Bearings may be used to isolate rotation of the quill from the
inner and outer tubular members. Bearings may also be used to
isolate rotation of the slips from the outer tubular member. And,
anti-rotation of the outer tubular member could be accomplished by
interconnection to the top drive.
BRIEF DESCRIPTION OF THE DRAWINGS
FIG. 1A is sectional view of an internal pipe gripping assembly
with an actuator constructed in accordance with this invention and
shown in a pipe disengaged position.
FIG. 1B is a sectional view of the internal pipe gripping assembly
of FIG. 1A shown in a pipe gripping position.

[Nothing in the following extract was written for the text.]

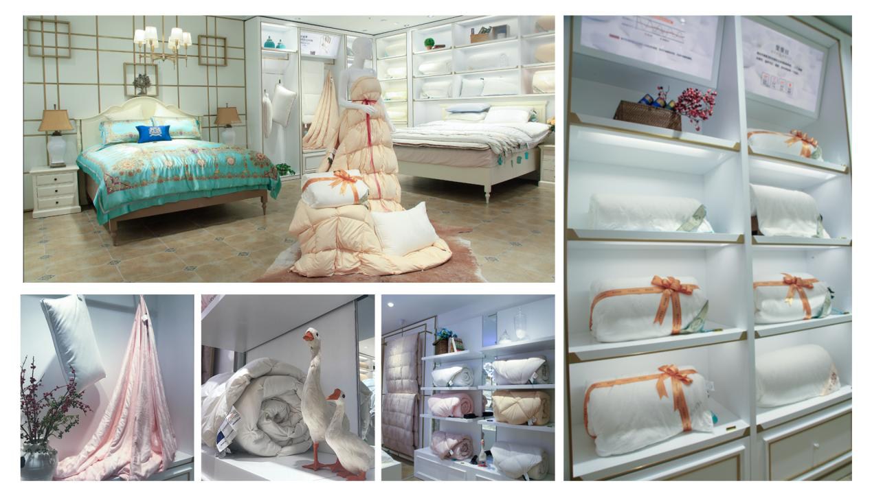 芯類產(chǎn)品一直以來都是家紡行業(yè)銷售的大頭,為進(jìn)一步提高和義店芯類產(chǎn)品銷售業(yè)績,公司特意對一樓原有空間進(jìn)行重新規(guī)劃,開辟了一塊80余平的獨(dú)立芯類區(qū),芯設(shè)計上采用白色貨柜、鍍鈦金屬件、金屬玻璃柜的組合,讓整個芯類區(qū)更加通透明亮。維科家紡主打的維科朵絨被、蠶絲被、石墨烯纖維被等都將在該區(qū)域以展床、垂掛、卷筒等不同形式進(jìn)行集中展示。此外,售價近三十萬的鎮(zhèn)店之寶——至尊冰島雁鴨絨被,也首次亮相和義店。

FIG. 2A is a sectional view of an external pipe gripping assembly
with an actuator of the present invention and shown in a disengaged
position.
FIG. 2B is a sectional view of the external pipe gripping assembly
of FIG. 2A and shown in an pipe gripping position.
FIG. 3 is a schematic view of the internal pipe gripping assembly
of FIGS. 1A and 1B shown mounted to a top drive of a drilling
rig.
FIG. 4 is an enlarged sectional view of a spear head and cup seal
that attaches to the gripping assembly of FIG. 1A or 2A.
FIG. 5 is an enlarged sectional view of a spear head and plug
launcher that attaches to the gripping assembly of FIG. 1A or
2A.
DETAILED DESCRIPTION OF THE INVENTION
Referring to the schematic drawing of FIG. 3, a top drive 2 moves
up and down a derrick 3 of a drill rig. Top drive 2 has a rotatably
driven drive stem 4. When drilling, drive stem 4 may be connected
to drill pipe (not shown) to lift and rotate the drill pipe.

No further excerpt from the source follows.